In the Name of God the Father, God the Son and God the Holy Ghost. Amen.
Most of the great theologians have written commentaries on Saint Paul’s Epistle to the Romans, and there is good reason for this. Romans is Paul’s most comprehensive exposition of the great truths of salvation through Jesus Christ, a summary of the Apostle’s whole career of preaching. Accordingly, he sent it to the Church in Rome, the center of the empire, where the apostle’s teaching would be preserved and circulated for the whole Christian world.
But you don’t have to be a theologian to cherish what Paul wrote in today’s portion from Romans. It is a core piece of Good News, and he states it three times, with rising intensity: 1) while we were still weak, Christ died for the ungodly. 2) God shows his love for us in that while were yet sinners Christ died for us. Finally, 3) for if while we were enemies we were reconciled to God by the death of his Son, much more, now that we are reconciled, shall we be saved by his life.
What the Apostle says is not flattering to us, but it is wonderful news indeed. He refers to “us” as “weak,” “ungodly,” “sinners,” and “enemies,” that is, enemies of God! All of us are included in these unflattering descriptions. Whether in human terms we happen to be successful or failures, respectable or disreputable, does not matter. In moral and spiritual terms, without Christ, no matter who we are, we are in fact weak and therefore ungodly, sinners and therefore enemies of grace.
This is in fact something we need to take in. Many years ago when I was a young priest working as an assistant for a splendid rector¹ who was a powerful preacher of the Gospel, a veteran churchman (actually a vestryman) confronted the rector at the church door after the main service. He was upset. “What is all this you guys keep preaching about salvation?” he cried. “I’ve lived a pretty good life. I don’t need to be saved!”
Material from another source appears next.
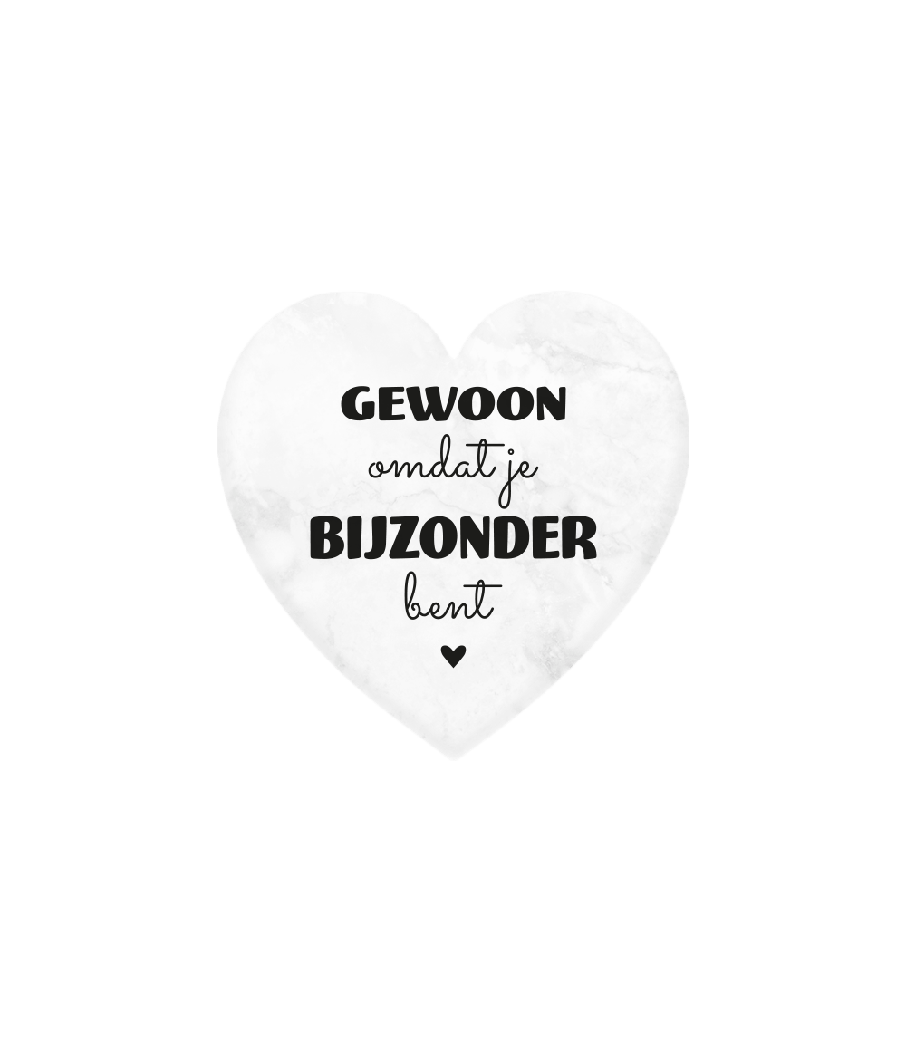 Haal een stukje liefde binnen met onze marmeren hartjes met de tekst "Bijzonder". Dit stijlvolle en tijdloze geschenkartikel is perfect voor elke gelegenheid! Het hartje is gemaakt van marmer, wat zorgt voor een luxe uitstraling en het tevens een duurzaam artikel maakt.
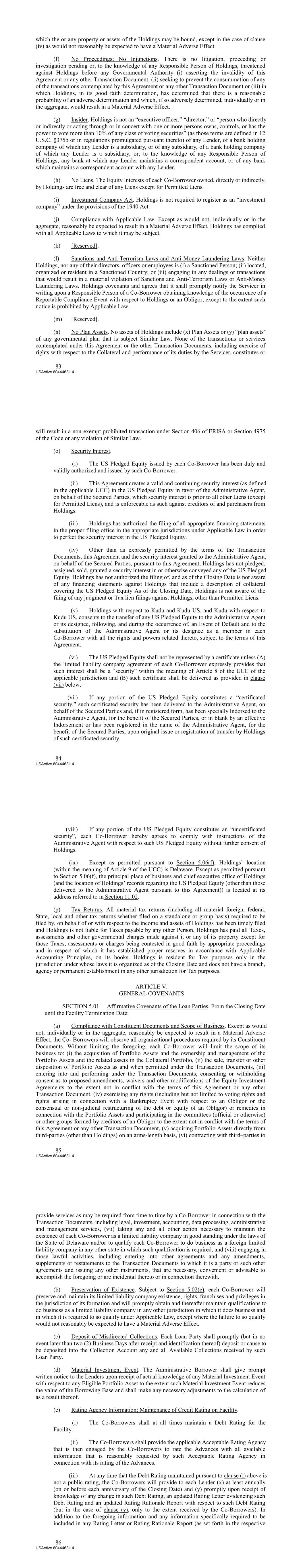 which the or any property or assets of the Holdings may be bound, except in the case of clause (iv) as would not reasonably be expected to have a Material Adverse Effect. (f) No Proceedings; No Injunctions. There is no litigation, proceeding or investigation pending or, to the knowledge of any Responsible Person of Holdings, threatened against Holdings before any Governmental Authority (i) asserting the invalidity of this Agreement or any other Transaction Document, (ii) seeking to prevent the consummation of any of the transactions contemplated by this Agreement or any other Transaction Document or (iii) in which Holdings, in its good faith determination, has determined that there is a reasonable probability of an adverse determination and which, if so adversely determined, individually or in the aggregate, would result in a Material Adverse Effect. (g) Insider. Holdings is not an “executive officer,” “director,” or “person who directly or indirectly or acting through or in concert with one or more persons owns, controls, or has the power to vote more than 10% of any class of voting securities” (as those terms are defined in 12 U.S.C. §375b or in regulations promulgated pursuant thereto) of any Lender, of a bank holding company of which any Lender is a subsidiary, or of any subsidiary, of a bank holding company of which any Lender is a subsidiary, or, to the knowledge of any Responsible Person of Holdings, any bank at which any Lender maintains a correspondent account, or of any bank which maintains a correspondent account with any Lender. (h) No Liens. The Equity Interests of each Co‐Borrower owned, directly or indirectly, by Holdings are free and clear of any Liens except for Permitted Liens. (i) Investment Company Act. Holdings is not required to register as an “investment company” under the provisions of the 1940 Act. (j) Compliance with Applicable Law. Except as would not, individually or in the aggregate, reasonably be expected to result in a Material Adverse Effect, Holdings has complied with all Applicable Laws to which it may be subject. (k) [Reserved]. (l) Sanctions and Anti‐Terrorism Laws and Anti‐Money Laundering Laws. Neither Holdings, nor any of their directors, officers or employees is (i) a Sanctioned Person; (ii) located, organized or resident in a Sanctioned Country; or (iii) engaging in any dealings or transactions that would result in a material violation of Sanctions and Anti‐Terrorism Laws or Anti‐Money Laundering Laws. Holdings covenants and agrees that it shall promptly notify the Servicer in writing upon a Responsible Person of a Co‐Borrower obtaining knowledge of the occurrence of a Reportable Compliance Event with respect to Holdings or an Obligor, except to the extent such notice is prohibited by Applicable Law. (m) [Reserved]. (n) No Plan Assets. No assets of Holdings include (x) Plan Assets or (y) “plan assets” of any governmental plan that is subject Similar Law. None of the transactions or services contemplated under this Agreement or the other Transaction Documents, including exercise of rights with respect to the Collateral and performance of its duties by the Servicer, constitutes or -83- USActive 60444631.4 will result in a non‐exempt prohibited transaction under Section 406 of ERISA or Section 4975 of the Code or any violation of Similar Law. (o) Security Interest. (i) The US Pledged Equity issued by each Co‐Borrower has been duly and validly authorized and issued by such Co‐Borrower. (ii) This Agreement creates a valid and continuing security interest (as defined in the applicable UCC) in the US Pledged Equity in favor of the Administrative Agent, on behalf of the Secured Parties, which security interest is prior to all other Liens (except for Permitted Liens), and is enforceable as such against creditors of and purchasers from Holdings. (iii) Holdings has authorized the filing of all appropriate financing statements in the proper filing office in the appropriate jurisdictions under Applicable Law in order to perfect the security interest in the US Pledged Equity. (iv) Other than as expressly permitted by the terms of the Transaction Documents, this Agreement and the security interest granted to the Administrative Agent, on behalf of the Secured Parties, pursuant to this Agreement, Holdings has not pledged, assigned, sold, granted a security interest in or otherwise conveyed any of the US Pledged Equity. Holdings has not authorized the filing of, and as of the Closing Date is not aware of any financing statements against Holdings that include a description of collateral covering the US Pledged Equity As of the Closing Date, Holdings is not aware of the filing of any judgment or Tax lien filings against Holdings, other than Permitted Liens. (v) Holdings with respect to Kudu and Kudu US, and Kudu with respect to Kudu US, consents to the transfer of any US Pledged Equity to the Administrative Agent or its designee, following, and during the occurrence of, an Event of Default and to the substitution of the Administrative Agent or its designee as a member in each Co‐Borrower with all the rights and powers related thereto, subject to the terms of this Agreement. (vi) The US Pledged Equity shall not be represented by a certificate unless (A) the limited liability company agreement of each Co‐Borrower expressly provides that such interest shall be a “security” within the meaning of Article 8 of the UCC of the applicable jurisdiction and (B) such certificate shall be delivered as provided in clause (vii) below. (vii) If any portion of the US Pledged Equity constitutes a “certificated security,” such certificated security has been delivered to the Administrative Agent, on behalf of the Secured Parties and, if in registered form, has been specially Indorsed to the Administrative Agent, for the benefit of the Secured Parties, or in blank by an effective Indorsement or has been registered in the name of the Admi

Christianity is not about living a pretty good life. It is not about comparable virtue, strength, intelligence, or status. It is not about moral improvement, social respectability, or religious aesthetics. It is about the grace of our Lord Jesus Christ, which is entirely God’s gift, something we have done nothing to earn or to deserve. The scandal of it is, the rich are in just as much need of it as the poor; the sophisticated are just as far from it as the simple; the good, the beautiful and the strong have achieved it no more than the bad, the unattractive, and the powerless. Our upset churchman at the door may have lived a pretty good life, but at that moment he was much farther from the kingdom of God than, say, the penitent thief on the cross next to Jesus.
I am not putting down moral improvement, social respectability or religious aesthetics. These may be, and often are, side effects in the lives of those who receive and live by the Gospel of Christ. But before we ever consider such things, we need to understand that the two thieves on the cross next to Christ dramatize every person’s position with respect to eternal life. Either, like the one, we can go on railing and cursing and justifying ourselves; or, like the other, we can believe, let go of our pride, and be with Christ today in Paradise.²
What Paul is saying, and what we can embrace and cherish in the depth of our souls for all time and eternity, is that God has shown superabundant love for us by sending Christ his Son to die for our justification. Justification means that God has substituted Christ’s righteousness for our unrighteousness; that God has received Christ’s death as the propitiation, the payment of the moral shortfall, for our frailty and sin.
The Apostle is saying even more than this. In the words of an early Christian commentator on today’s passage, “Christ’s death brought death to the enmity which existed between us and God and ushered in reconciliation.”³ When we receive this good news, when we are baptized into it and take it into our hearts by faith, we are reconciled to God through the Body of Christ. From then on, we live by the power of the risen Christ; we walk by the Spirit; we know we are “in Christ” and that we are on pilgrimage into the kingdom of heaven. This Eucharist is a refuge on the way, where we are fed by the risen Lord in the Sacrament of his Body and Blood.
Our Old Testament lesson and Gospel today form bookends around Saint Paul’s great Gospel proclamation in Romans. In Exodus, we see God gathering and leading the people of Israel into the Promised Land. “You shall be to me a kingdom of priests and a holy nation,” the Lord said to Moses. In the Gospel, we see Jesus sending out the apostles for their first mission; it was the beginning of a scattering of disciples into the whole world from the Holy Land, bringing the Good News of Israel’s Messiah to the corners of the earth. That was why Paul wrote and sent his greatest letter to the Church at Rome, to help fulfill that mission.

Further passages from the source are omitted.